Face à cette situation critique, l'intersyndicale organise une semaine d'actions du 30 mars au 3 avril, avec une journée nationale de grève prévue le 31 mars. Cette mobilisation s'inscrit dans un mouvement de protestation plus large qui a déjà vu plusieurs actions se dérouler à travers la France depuis la mi-février.

Le 17 février dernier, plusieurs centaines de personnes ont manifesté à Paris tandis qu'en Île-de-France, environ 6,16% des enseignants observaient un mouvement de grève. À Bordeaux, une centaine de professeurs, rejoints par des parents d'élèves, se sont rassemblés devant le rectorat le 11 mars pour exprimer leur inquiétude.

Des chiffres qui font débat

Selon les projections officielles, 4.000 suppressions de postes d'enseignants sont attendues pour la rentrée 2026, toutes catégories confondues (public et privé). Ce chiffre se décompose en 1.891 postes dans le premier degré public et 1.365 dans le second degré.

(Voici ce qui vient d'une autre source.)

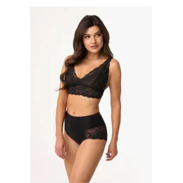 Dámské kalhotky vyrobené z hladké, měkké a prodyšné látky, která zajišťuje pohodlné nošení. Jemné krajkové ozdobení na stehnech dodává subtilní eleganci. Střih kalhotek zakrývá bříško a průsvitný zádový výstřih dodává smyslný vzhled. V pase se nachází jemná gumka, která dobře drží spodní prádlo, a uvnitř je bavlněná podložka pro další pohodlí. Kalhotky jsou baleny v elegantním krabičce, což z nich činí ideální dárek. Výrobek je navržen a ušit v Polsku s ohledem na nejvyšší kvalitu.
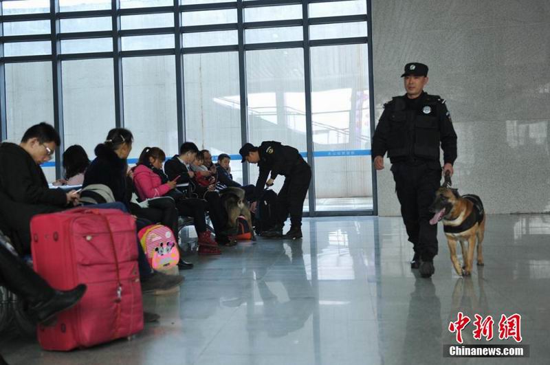 2月4日,春运期间四川乐山警方除设立固定执勤岗位外,特警、武警还携带武器、警犬进行武装巡逻,加强车站、景区等区域的安全保障,让民众过一个欢乐祥和的春节。

Le ministre de l'Éducation nationale, Édouard Geffray, justifie ces mesures par une « chute démographique vertigineuse ». Les statistiques du ministère indiquent effectivement une diminution de 1,7% des effectifs élèves à la rentrée 2025, avec 106.900 élèves de moins qu'en 2024.

Mais les syndicats contestent cette approche : « La baisse démographique doit être une opportunité pour faire baisser de manière significative le nombre d'élèves par classe », affirment-ils, dénonçant au contraire une politique qui aggrave les conditions d'apprentissage.

Un budget 2026 vivement critiqué

Les organisations syndicales qualifient le budget 2026 de synonyme de dégradation des conditions de travail et de poursuite du déclassement salarial des enseignants. Elles reprochent au gouvernement ses choix « court-termistes » et exigent un budget 2027 comportant des mesures concrètes de créations d'emplois et de revalorisation salariale sans contreparties.

Dans leur communiqué, les syndicats avertissent que « ces choix ne peuvent que dégrader encore davantage un service public d'Éducation déjà exsangue », appelant à une révision urgente de la politique éducative du gouvernement.